Three of his brothers, Arjen Lenstra, Andries Lenstra, and Jan Karel Lenstra, are also mathematicians. Jan Karel Lenstra is the former director of the Netherlands Centrum Wiskunde & Informatica (CWI). Hendrik Lenstra was the Chairman of the Program Committee of the International Congress of Mathematicians in 2010.

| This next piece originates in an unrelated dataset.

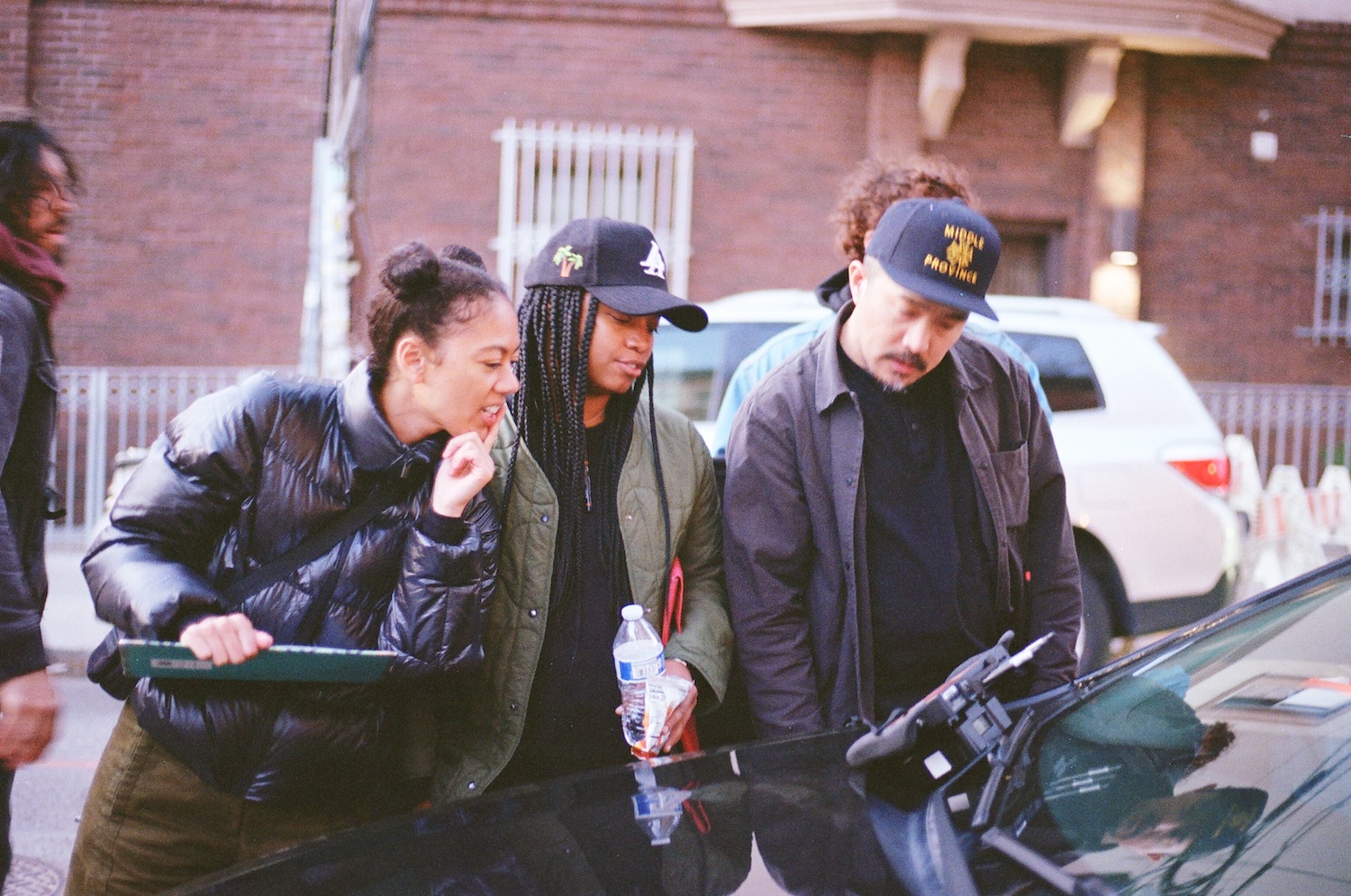 Directors Megz + Kimiko and DP Ray Huang on the set of their film Newbies.

== Scientific contributions ==
Lenstra has worked principally in computational number theory. He is well known for:

- Co-discovering of the Lenstra–Lenstra–Lovász lattice basis reduction algorithm (in 1982);
- Developing a polynomial-time algorithm for solving a feasibility integer programming problem when the number of variables is fixed (in 1983);
- Discovering the elliptic curve factorization method (in 1987);
- Computing all solutions to the inverse Fermat equation (in 1992);
- The Cohen-Lenstra heuristics — a set of precise conjectures about the structure of class groups of quadratic fields.

==Awards and honors==
In 1984, Lenstra became a member of the Royal Netherlands Academy of Arts and Sciences. He won the Fulkerson Prize in 1985 for his research using the geometry of numbers to solve integer programs with few variables in time polynomial in the number of constraints. He was awarded the Spinoza Prize in 1998, and on 24 April 2009 he was made a Knight of the Order of the Netherlands Lion. In 2009, he was awarded a Gauss Lecture by the German Mathematical Society. In 2012, he became a fellow of the American Mathematical Society.

==Publications==
- Euclidean Number Fields. Parts 1-3, Mathematical Intelligencer 1980
- with A. K. Lenstra: Algorithms in Number Theory. pp. 673–716, In Jan van Leeuwen (ed.): Handbook of Theoretical Computer Science, Vol. A: Algorithms and Complexity. Elsevier and MIT Press 1990, ISBN 0-444-88071-2, ISBN 0-262-22038-5.
- Algorithms in Algebraic Number Theory. Bulletin of the AMS, vol. 26, 1992, pp. 211–244.
- Primality testing algorithms. Séminaire Bourbaki 1981.
- with Peter Stevenhagen: Artin reciprocity and Mersenne Primes. Nieuw Archief for Wiskunde 2000.
- with Peter Stevenhagen: Chebotarev and his density theorem. Mathematical Intelligencer 1992 (Online at Lenstra's Homepage).